Chapter 2 Kinetic EFM Configuration

Prerequisites

Ensure you have completed all the steps in the following documents before continuing:


Allow the Local Broker to Connect Upstream

  1. Open the remote broker EFM System Administrator web interface at https://R_BROKER_IP:8443/efm-admin (replacing R_BROKER_IP with your remote broker’s public IP address) and log in as the efmAdmin user with the password that was set during installation (kinetic123)

It is safe to ignore the SSL warning since this lab uses self-signed SSL certificates. In production the EFM server would be provisioned with a valid SSL certificate.


Once you log in, the “radiation”-style warning in the upper right-hand of the page indicates that there are downstream brokers in quarantine.

  1. Navigate to Permissions > Quarantine > Authorize
  2. Select the local broker from the list and click the Authorize button at the bottom

You should now see the local broker l-broker listed underneath the Root Broker in the Brokers section on the left-hand of the page.

  1. Select l-broker from the Brokers section


Add DSLinks to the Local Broker

MQTT DSLink

  1. Navigate to Management > links > Install Link
  2. Select MQTT from the link dropdown
  3. Enter mqtt as the name and click Invoke

It should say success True if the operation was successful.

  1. Navigate to Management > links > mqtt > Start Link
  2. Click Invoke


Configure Local Broker DSLinks

MQTT

  1. Open the remote broker EFM Dataflow Editor web interface at https://R_BROKER_IP:8443/dataflow.html (replacing R_BROKER_IP with your remote broker’s public IP address) and log in again as the efmAdmin user, if prompted
  2. Navigate to Data > downstream > l-broker > downstream > mqtt
  3. Under Metrics right-click on Broker Enabled: false, set the value to true, and click Invoke

  1. Right-click on mqtt and select Add Server
  2. Use the following options:

You don’t need to delete the example placeholder url of tcp://test.mosquitto.org/. Just start typing in that field with the correct value and it will replace that setting. You will run into this with other EFM configuration dialogs as well.


You should see your station’s Raspberry Pi status LEDs turn from red to green after enabling the MQTT server on the local broker.

  1. Expand ... > mqtt > local-broker > Subscriptions

This ... > convention means to stay where you were in the Data section, but to dive deeper into the hierarchy. It saves rewriting the entire path when you are not changing your broker focus.
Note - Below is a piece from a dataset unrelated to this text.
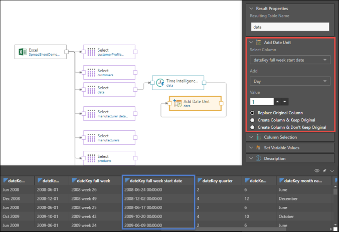 In the example below, the Add Date Unit node was connected to the Time Intelligence node. It was then used to create a new 'full week start date' column, with the start date of each week delayed by 1 day (red highlight below). This column then replaced the original column in the table (blue highlight).

In this case, the ... means Data > downstream > l-broker > downstream

  1. Right-click on Subscriptions and select Subscribe
  2. Use the following options:

  1. Subscribe to another MQTT channel with the following options:

The active MQTT channel subscriptions will show up under the Metrics section.

  1. Select ... > l-broker > downstream > dataflow
  2. Right-click on dataflow and select Create Dataflow
  3. Name the dataflow clear-local-mqtt-logs and click Invoke

  1. Expand ... > dataflow > clear-local-mqtt-logs
  2. Open the clear-local-mqtt-logs dataflow in the right-hand editor workspace by clicking on its dataflow icon

  1. Expand ... > l-broker > sys > links > mqtt
  2. Right-click on mqtt, navigate to Log, and then drag Clear to the editor workspace Dataflow section

It may not be obvious exactly how to perform this step. You will left-click and hold the Clear menu entry, drag it to the editor workspace, and then let go of the left mouse or touchpad button.

This is a process you will become very familiar with: dragging various functional “blocks” to the editor workspace to build a dataflow, editing their properties, and connecting their inputs and outputs. This is essentially graphical programming and as you will see can perform fairly complex logic and data operations.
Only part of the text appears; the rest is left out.